‘Breach of human rights’: Mass murderer Breivik to sue Norway for keeping him in solitary

‘Breach of human rights’: Mass murderer Breivik to sue Norway for keeping him in solitary
Convicted mass murderer Anders Breivik, who killed 77 people in a series of attacks in 2011, is suing the Norwegian state for keeping him isolated in his cell and restricting access to other prisoners, officers and visitors.

"There will be a court case about his prison conditions. We are arguing that his prison conditions are a breach of human rights. He has been held in isolation for four years," his lawyer, Oeystein Storrvik, told Reuters.

Breivik previously threatened to “go on hunger strike until death” if his conditions were not improved, but Storrvik said his client was now “focusing on the legal case.”

Breivik was sentenced to 21 years behind bars – the maximum term under Norwegian law, which can be selectively extended – for killing 8 people with a car bomb and gunning down 69 more at a left-wing party-run summer camp. Since then, the 36-year-old has waged a near-constant battle against the authorities to improve his conditions.

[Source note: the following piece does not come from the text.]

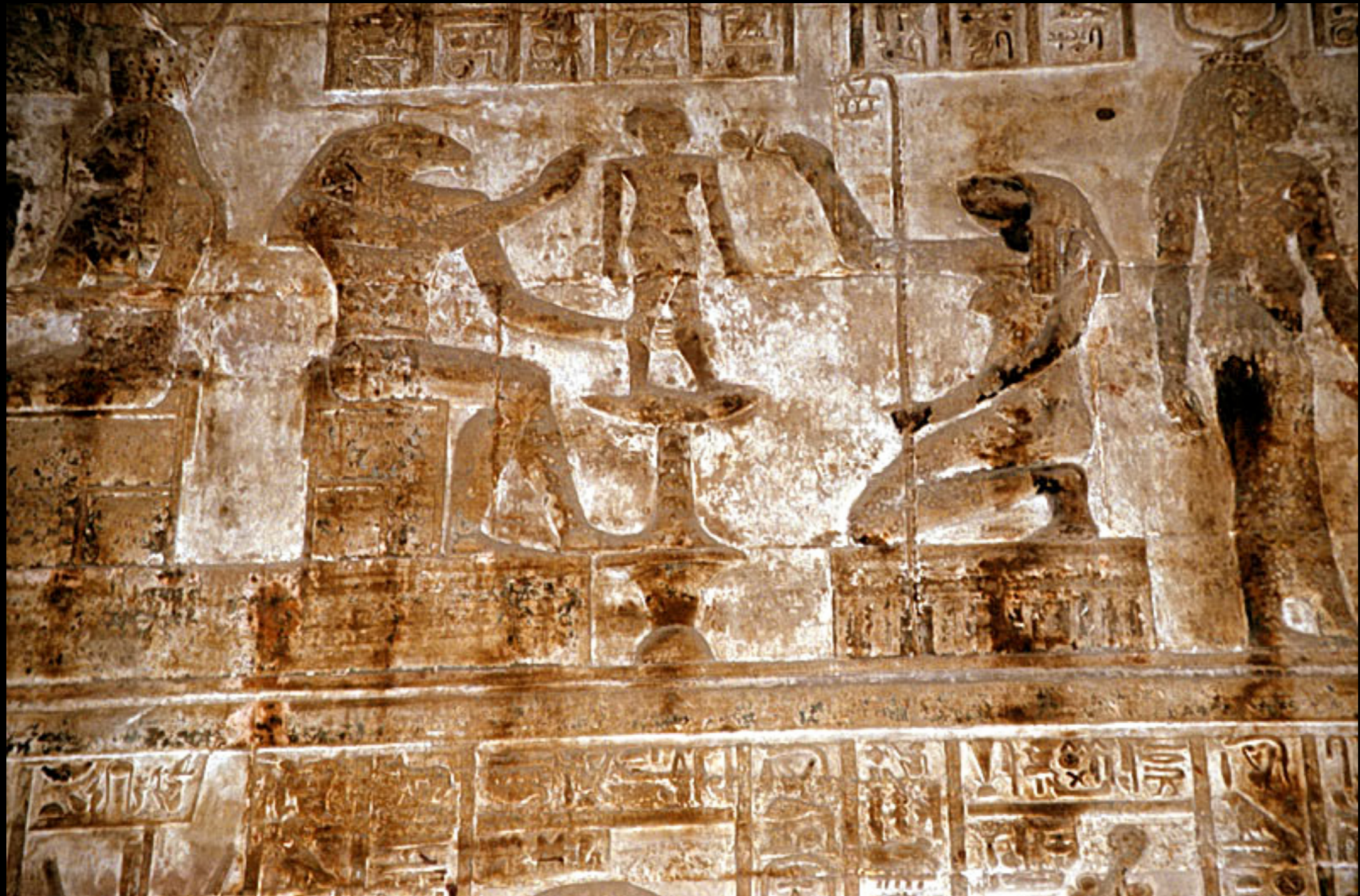
Heqet, fertility goddess

Branding himself a “human rights activist,” last year Breivik produced a list of 12 demands, and distributed them among the media. Among them was the replacement of his Playstation 2 with a newer model, access to more adult computer games, a more comfortable sofa, a PC rather than a typewriter for word processing, and a doubling of his allowance for “exemplary behavior”.

READ MORE: Norwegian mass murderer Breivik to sue Norway, calls isolation ‘torture’ 

The current conflict began when Breivik reported “an escalation” of his maltreatment at the beginning of September. The mass murderer complained that he was moved to a smaller compartment, only allowed to leave his cell for one hour a day and received less contact with prison officials.

Breivik said the deprivations forced him to suspend his correspondence studies for a politics degree at the prestigious University of Oslo, where he enrolled earlier this year.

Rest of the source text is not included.